**Exercise instructions:**
Below are records with pictures in them. Output exactly the lines from the one with "Un piccolo panda" through the one with "My little man", both included, and leave every picture out; give only those lines.

**Available records:**
--- START ---

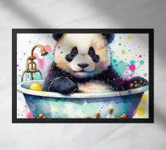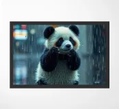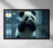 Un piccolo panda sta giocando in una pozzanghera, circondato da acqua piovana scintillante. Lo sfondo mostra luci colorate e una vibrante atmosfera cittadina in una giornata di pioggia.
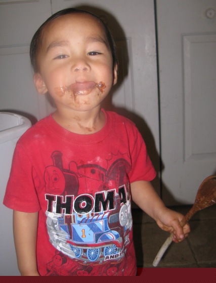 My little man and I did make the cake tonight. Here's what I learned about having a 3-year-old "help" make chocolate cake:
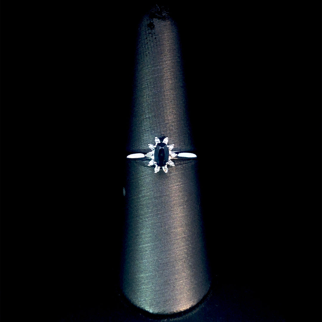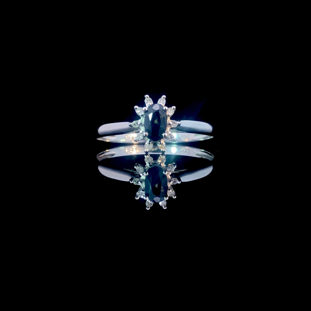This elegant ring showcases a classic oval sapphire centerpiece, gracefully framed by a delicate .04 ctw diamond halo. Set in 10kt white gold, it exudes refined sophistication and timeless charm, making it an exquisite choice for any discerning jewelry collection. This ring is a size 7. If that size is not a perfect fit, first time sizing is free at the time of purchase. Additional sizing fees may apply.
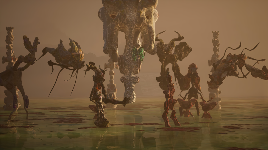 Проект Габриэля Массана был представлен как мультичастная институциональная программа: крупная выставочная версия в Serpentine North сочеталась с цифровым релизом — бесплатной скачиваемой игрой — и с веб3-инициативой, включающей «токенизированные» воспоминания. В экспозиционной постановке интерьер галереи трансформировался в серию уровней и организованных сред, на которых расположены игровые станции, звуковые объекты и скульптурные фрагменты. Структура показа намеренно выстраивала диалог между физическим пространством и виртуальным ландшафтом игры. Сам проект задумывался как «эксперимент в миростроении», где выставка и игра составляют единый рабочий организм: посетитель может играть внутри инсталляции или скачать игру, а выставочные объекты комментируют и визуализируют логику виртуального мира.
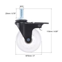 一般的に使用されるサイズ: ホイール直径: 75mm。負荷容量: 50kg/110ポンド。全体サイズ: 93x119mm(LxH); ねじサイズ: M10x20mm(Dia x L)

--- END ---
--- START ---

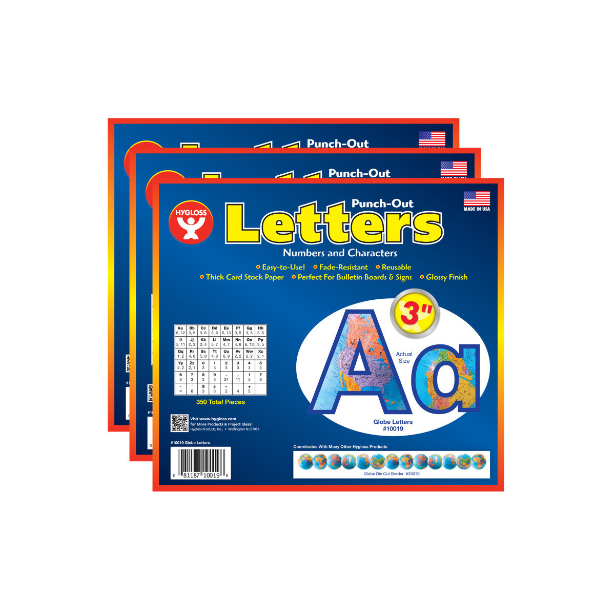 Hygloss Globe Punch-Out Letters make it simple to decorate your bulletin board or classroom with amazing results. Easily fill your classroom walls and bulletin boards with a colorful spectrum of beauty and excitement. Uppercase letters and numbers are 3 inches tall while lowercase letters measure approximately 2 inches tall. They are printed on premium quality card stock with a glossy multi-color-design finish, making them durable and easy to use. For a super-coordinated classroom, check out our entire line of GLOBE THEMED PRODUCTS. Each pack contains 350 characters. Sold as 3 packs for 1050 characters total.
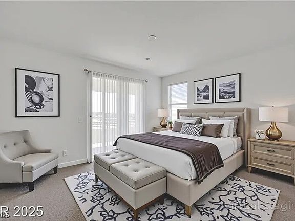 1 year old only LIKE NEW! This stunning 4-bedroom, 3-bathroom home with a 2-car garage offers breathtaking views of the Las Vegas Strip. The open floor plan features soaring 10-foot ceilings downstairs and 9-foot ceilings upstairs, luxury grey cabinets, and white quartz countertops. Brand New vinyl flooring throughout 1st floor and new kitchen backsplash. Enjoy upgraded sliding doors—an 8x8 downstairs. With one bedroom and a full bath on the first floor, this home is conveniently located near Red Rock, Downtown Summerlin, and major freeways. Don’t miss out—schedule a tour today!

--- END ---

**Solved problem:**
 Un piccolo panda sta giocando in una pozzanghera, circondato da acqua piovana scintillante. Lo sfondo mostra luci colorate e una vibrante atmosfera cittadina in una giornata di pioggia.
 My little man and I did make the cake tonight. Here's what I learned about having a 3-year-old "help" make chocolate cake:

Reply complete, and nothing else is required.